Sommes-nous vraiment prêts à faire passer par pertes et profits tout ce qu’un passé gros de plusieurs siècles nous lègue comme héritage de pensée, comme conseil de retenue et de prudence ? Les règles de la pensée elles-mêmes sont-elles devenues trop oppressives et tyranniques pour des volontés qui se veulent libres de choisir leurs conclusions, indépendamment de toute fondation logique et morale stable ? Aucun de nous ne souhaiterait vivre dans un monde affranchi de la rationalité : car un monde qui congédie la raison et ses règles, est un monde qui prive les individus de se parler réellement, de délibérer et d’agir ensemble ; c’est un monde où les mots sont vidés de leur sens, de leur pouvoir, et où ne règnent plus que l’arbitraire des individus, la loi du plus fort, et le déchaînement de la violence.

Le doute n’a-t-il plus aucune prise sur nous ?
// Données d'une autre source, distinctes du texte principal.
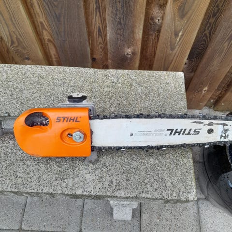 Stihl MS 211 C-BE benzinkædesav med kædestramning i siden og kædeskjold.

Les menaces qui pèsent sur l’environnement nous font renouer avec un certain sens de la mesure, de l’auto-limitation, et une authentique écologie nous apprend à ne pas soumettre le vivant à la seule loi de notre hubris et de notre prédation : qu’il est étrange de redécouvrir le principe de précaution quand il s’agit de prendre soin de la biodiversité animale et végétale, et de l’oublier si vite face à l’embryon humain. À vous, les 337 députés qui avez affiché une sorte d’option préférentielle pour l’IVG en choisissant de constitutionnaliser ce « droit » particulier plutôt qu’un autre, nous ne demandons pas de rallier un camp ou une opinion déjà formée, nous vous demandons d’écouter nos questions et nos doutes. À vous qui voulez réaliser l’impossible en voulant clore un débat qui ne peut structurellement pas l’être, nous voudrions demander : êtes-vous bien sûrs ? le doute n’a-t-il plus aucune prise sur vos esprits ?

Élisabeth Geffroy

(1) Cf. la déclaration de la Congrégation pour la Doctrine de la foi sur l’avortement provoqué (1974), notamment la note 19, ou cf. l’encyclique Evangelium Vitae (1995), n. 60.